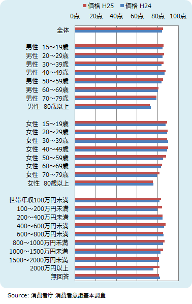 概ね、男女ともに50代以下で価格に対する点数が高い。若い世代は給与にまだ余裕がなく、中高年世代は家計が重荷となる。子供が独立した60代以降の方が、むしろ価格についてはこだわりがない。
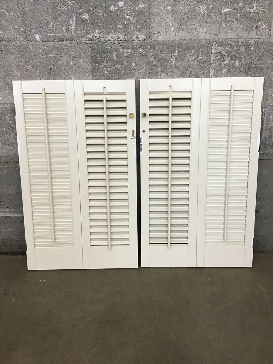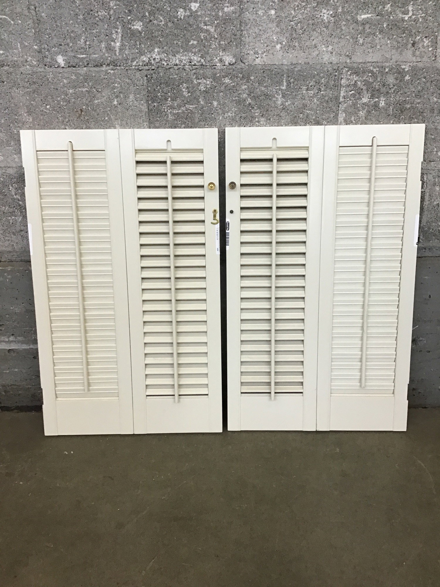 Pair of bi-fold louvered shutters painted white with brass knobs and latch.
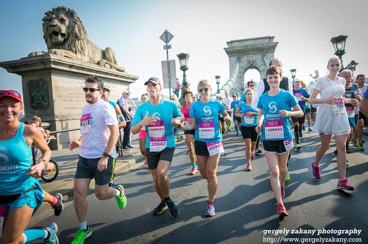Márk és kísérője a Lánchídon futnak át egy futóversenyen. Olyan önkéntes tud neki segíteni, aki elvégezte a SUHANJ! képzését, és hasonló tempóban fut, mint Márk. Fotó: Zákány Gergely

------

__EXERCISE AIM__:
An exact copy of the listing is required, with every image removed.

__ANSWER SECTION__:
 概ね、男女ともに50代以下で価格に対する点数が高い。若い世代は給与にまだ余裕がなく、中高年世代は家計が重荷となる。子供が独立した60代以降の方が、むしろ価格についてはこだわりがない。
 Pair of bi-fold louvered shutters painted white with brass knobs and latch.
Márk és kísérője a Lánchídon futnak át egy futóversenyen. Olyan önkéntes tud neki segíteni, aki elvégezte a SUHANJ! képzését, és hasonló tempóban fut, mint Márk. Fotó: Zákány Gergely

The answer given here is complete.